**Data excerpt**
--
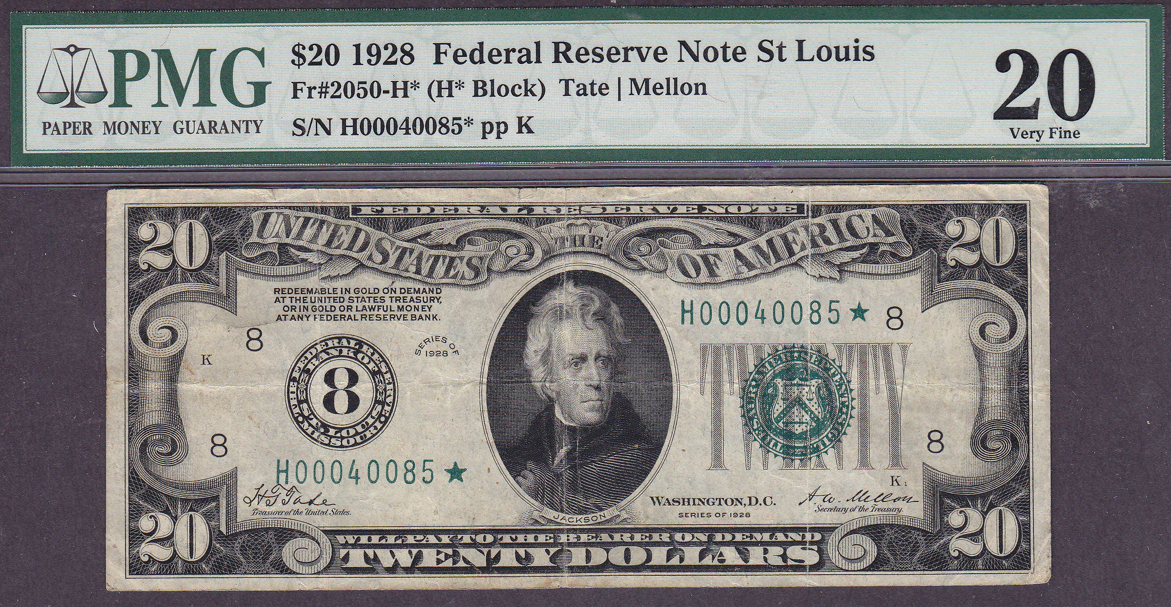 This is a nice 1928 $20 FRN STAR from the St Louis Distric. It is in a under graded PMG VF-20 Holder. The serial number is H00040085*.
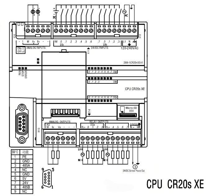 SMART200 CPU CR20s XE,288-1CR20-XEA1,220VAC 供電, 12DI 光電隔離輸入(源型 PNP 輸入 / 漏型 NPN 輸入,DC24V ± 20%),8DO 機械隔離輸出(繼電器,驅動 5~250VAC/5~30VDC,浪涌電流 5A,額定電流 2A),單相 200KHz / AB相 400KHz 高速計數輸入,提供 24VDC 500mA 電源輸出 ,模擬量輸入2AI(AIW0,AIW2),非隔離單端12位模擬量輸入,具備電流電壓 輸入信號源 選擇撥碼,電壓信號量程0 ~ 10V,(對應 0 ~ 27648),電流信號量程,0~20MA(對應 0~13824,內部匹配電阻 250Ω) 電流輸入量程,模擬量輸出1AO(非隔離單端12位模擬量輸出),電壓輸出量程0 ~ 10 V(對應 0 ~ 27648),最小驅動電阻 5000Ω,電流輸出量程,0~20MA(對應 0-27648),最大驅動電阻 500Ω ,無模擬量信號診斷, 集成 1 個 RS485 通訊口; 可支持連接3級左側擴展模塊,自帶模擬量,數字量 IO 最多可達 116個,模擬量 IO 最多可達51路。
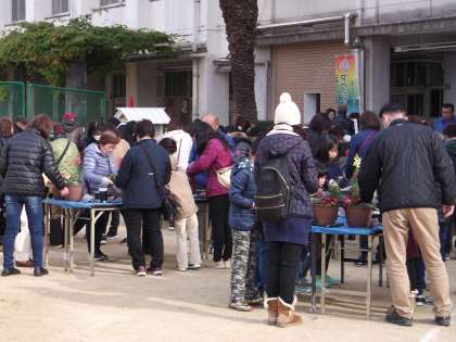 本日は、聖賢地区アクションプラン「寄せ植え講習会」です。本校校庭に、保護者や児童、地域の方々が80名ほど参加しています。
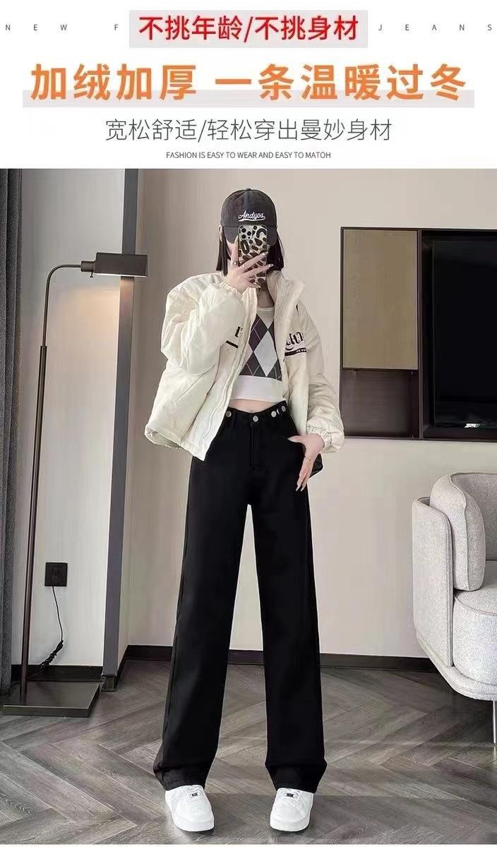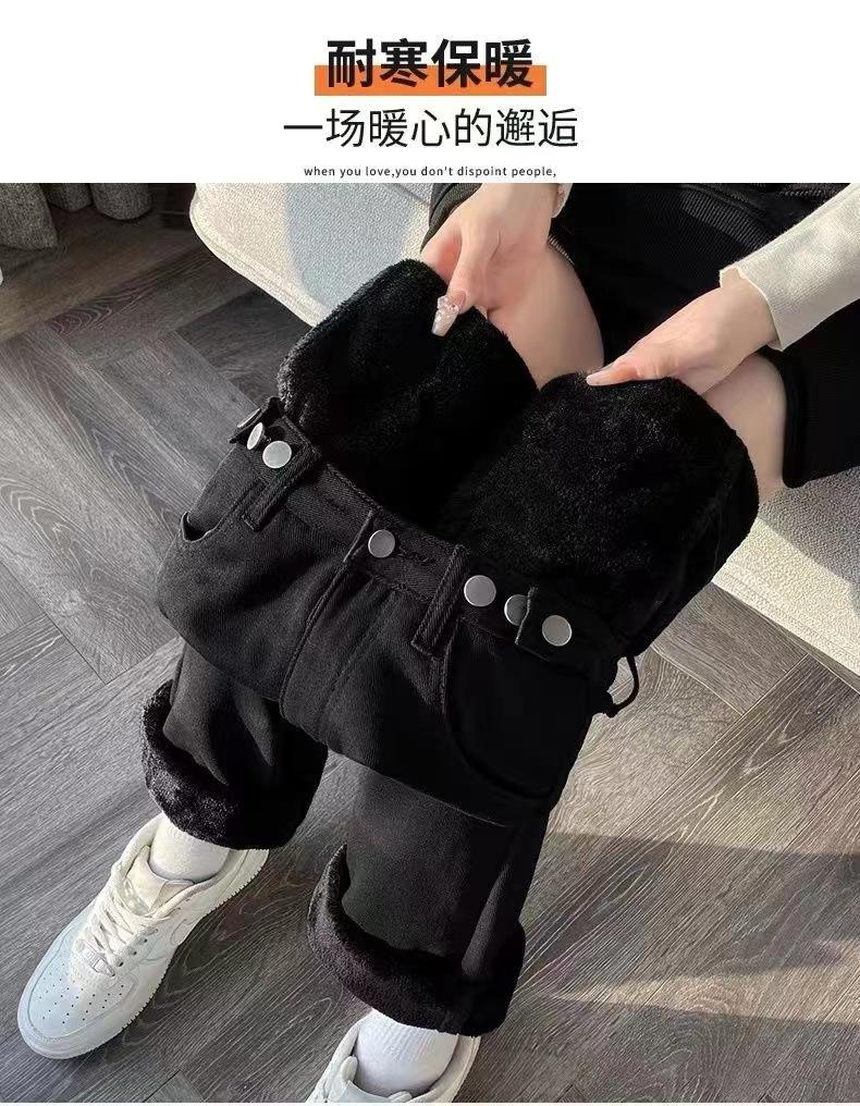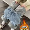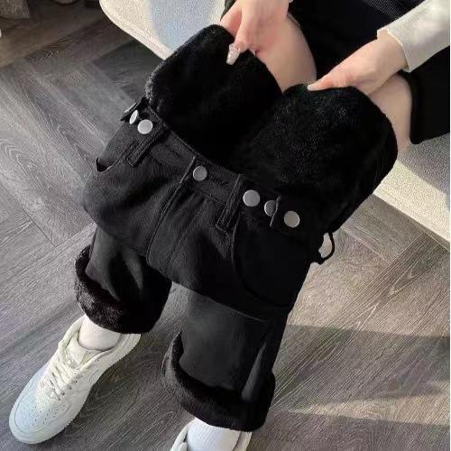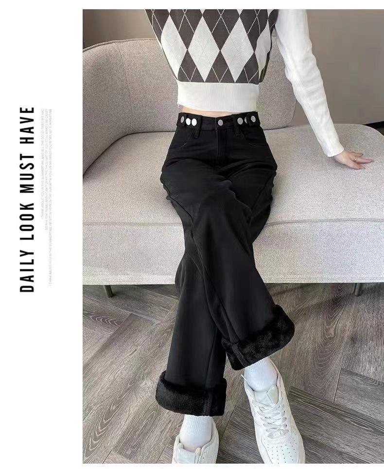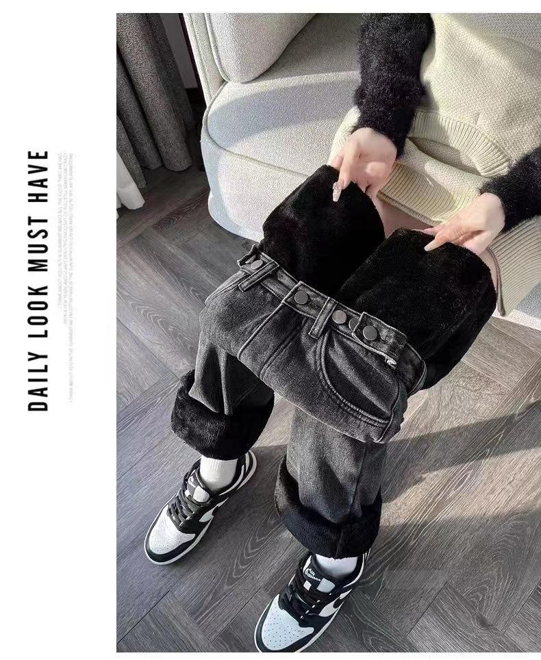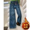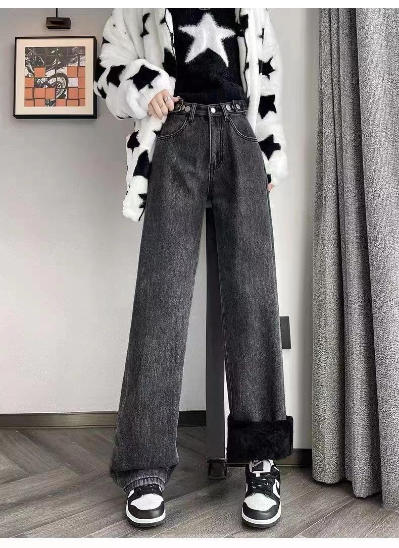 Jeans de Pierna Ancha Gruesos para Mujer de Cintura Alta Holgados Adelgazantes 2024 Invierno Cálidos Pantalones Rectos Pantalones Forrados de Felpa
--
**Task description**
Write out every line above again exactly, with the pictures left out.

**Answer to the problem**
 This is a nice 1928 $20 FRN STAR from the St Louis Distric. It is in a under graded PMG VF-20 Holder. The serial number is H00040085*.
 SMART200 CPU CR20s XE,288-1CR20-XEA1,220VAC 供電, 12DI 光電隔離輸入(源型 PNP 輸入 / 漏型 NPN 輸入,DC24V ± 20%),8DO 機械隔離輸出(繼電器,驅動 5~250VAC/5~30VDC,浪涌電流 5A,額定電流 2A),單相 200KHz / AB相 400KHz 高速計數輸入,提供 24VDC 500mA 電源輸出 ,模擬量輸入2AI(AIW0,AIW2),非隔離單端12位模擬量輸入,具備電流電壓 輸入信號源 選擇撥碼,電壓信號量程0 ~ 10V,(對應 0 ~ 27648),電流信號量程,0~20MA(對應 0~13824,內部匹配電阻 250Ω) 電流輸入量程,模擬量輸出1AO(非隔離單端12位模擬量輸出),電壓輸出量程0 ~ 10 V(對應 0 ~ 27648),最小驅動電阻 5000Ω,電流輸出量程,0~20MA(對應 0-27648),最大驅動電阻 500Ω ,無模擬量信號診斷, 集成 1 個 RS485 通訊口; 可支持連接3級左側擴展模塊,自帶模擬量,數字量 IO 最多可達 116個,模擬量 IO 最多可達51路。
 本日は、聖賢地区アクションプラン「寄せ植え講習会」です。本校校庭に、保護者や児童、地域の方々が80名ほど参加しています。
 Jeans de Pierna Ancha Gruesos para Mujer de Cintura Alta Holgados Adelgazantes 2024 Invierno Cálidos Pantalones Rectos Pantalones Forrados de Felpa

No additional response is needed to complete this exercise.